Data to use:
☆ ☆ ☆ ☆

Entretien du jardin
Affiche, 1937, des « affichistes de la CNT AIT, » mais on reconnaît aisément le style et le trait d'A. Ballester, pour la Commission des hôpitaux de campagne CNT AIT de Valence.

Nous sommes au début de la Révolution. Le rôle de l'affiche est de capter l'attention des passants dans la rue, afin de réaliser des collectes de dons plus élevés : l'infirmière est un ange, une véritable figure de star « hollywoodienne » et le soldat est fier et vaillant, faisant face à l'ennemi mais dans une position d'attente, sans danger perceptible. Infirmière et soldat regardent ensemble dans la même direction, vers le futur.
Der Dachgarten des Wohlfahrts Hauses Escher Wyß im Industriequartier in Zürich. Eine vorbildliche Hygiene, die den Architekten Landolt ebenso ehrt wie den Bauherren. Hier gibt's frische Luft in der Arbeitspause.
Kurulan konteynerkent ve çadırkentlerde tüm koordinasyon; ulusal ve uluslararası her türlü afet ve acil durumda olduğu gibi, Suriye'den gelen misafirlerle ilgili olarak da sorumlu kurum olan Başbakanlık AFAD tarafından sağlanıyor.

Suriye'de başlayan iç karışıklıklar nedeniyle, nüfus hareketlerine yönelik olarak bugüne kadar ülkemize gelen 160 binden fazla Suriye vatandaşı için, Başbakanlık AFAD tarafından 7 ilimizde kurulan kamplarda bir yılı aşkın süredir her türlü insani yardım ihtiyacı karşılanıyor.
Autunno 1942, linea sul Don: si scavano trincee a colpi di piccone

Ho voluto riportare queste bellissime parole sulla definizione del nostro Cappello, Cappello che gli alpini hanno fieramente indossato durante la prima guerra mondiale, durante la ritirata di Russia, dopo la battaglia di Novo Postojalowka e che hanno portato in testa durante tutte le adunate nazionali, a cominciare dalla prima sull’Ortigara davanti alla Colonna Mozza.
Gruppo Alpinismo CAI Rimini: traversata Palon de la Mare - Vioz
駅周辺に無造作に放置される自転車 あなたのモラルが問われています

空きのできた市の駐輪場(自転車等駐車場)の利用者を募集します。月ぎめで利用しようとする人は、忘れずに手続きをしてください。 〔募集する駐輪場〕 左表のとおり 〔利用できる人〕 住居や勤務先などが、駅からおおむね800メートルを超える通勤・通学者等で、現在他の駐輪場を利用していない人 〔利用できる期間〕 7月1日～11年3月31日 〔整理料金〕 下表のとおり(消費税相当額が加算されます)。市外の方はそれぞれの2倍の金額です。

☆ ☆ ☆ ☆

Every line above needs to be repeated exactly as shown.

Solution:
Entretien du jardin
Affiche, 1937, des « affichistes de la CNT AIT, » mais on reconnaît aisément le style et le trait d'A. Ballester, pour la Commission des hôpitaux de campagne CNT AIT de Valence.

Nous sommes au début de la Révolution. Le rôle de l'affiche est de capter l'attention des passants dans la rue, afin de réaliser des collectes de dons plus élevés : l'infirmière est un ange, une véritable figure de star « hollywoodienne » et le soldat est fier et vaillant, faisant face à l'ennemi mais dans une position d'attente, sans danger perceptible. Infirmière et soldat regardent ensemble dans la même direction, vers le futur.
Der Dachgarten des Wohlfahrts Hauses Escher Wyß im Industriequartier in Zürich. Eine vorbildliche Hygiene, die den Architekten Landolt ebenso ehrt wie den Bauherren. Hier gibt's frische Luft in der Arbeitspause.
Kurulan konteynerkent ve çadırkentlerde tüm koordinasyon; ulusal ve uluslararası her türlü afet ve acil durumda olduğu gibi, Suriye'den gelen misafirlerle ilgili olarak da sorumlu kurum olan Başbakanlık AFAD tarafından sağlanıyor.

Suriye'de başlayan iç karışıklıklar nedeniyle, nüfus hareketlerine yönelik olarak bugüne kadar ülkemize gelen 160 binden fazla Suriye vatandaşı için, Başbakanlık AFAD tarafından 7 ilimizde kurulan kamplarda bir yılı aşkın süredir her türlü insani yardım ihtiyacı karşılanıyor.
Autunno 1942, linea sul Don: si scavano trincee a colpi di piccone

Ho voluto riportare queste bellissime parole sulla definizione del nostro Cappello, Cappello che gli alpini hanno fieramente indossato durante la prima guerra mondiale, durante la ritirata di Russia, dopo la battaglia di Novo Postojalowka e che hanno portato in testa durante tutte le adunate nazionali, a cominciare dalla prima sull’Ortigara davanti alla Colonna Mozza.
Gruppo Alpinismo CAI Rimini: traversata Palon de la Mare - Vioz
駅周辺に無造作に放置される自転車 あなたのモラルが問われています

空きのできた市の駐輪場(自転車等駐車場)の利用者を募集します。月ぎめで利用しようとする人は、忘れずに手続きをしてください。 〔募集する駐輪場〕 左表のとおり 〔利用できる人〕 住居や勤務先などが、駅からおおむね800メートルを超える通勤・通学者等で、現在他の駐輪場を利用していない人 〔利用できる期間〕 7月1日～11年3月31日 〔整理料金〕 下表のとおり(消費税相当額が加算されます)。市外の方はそれぞれの2倍の金額です。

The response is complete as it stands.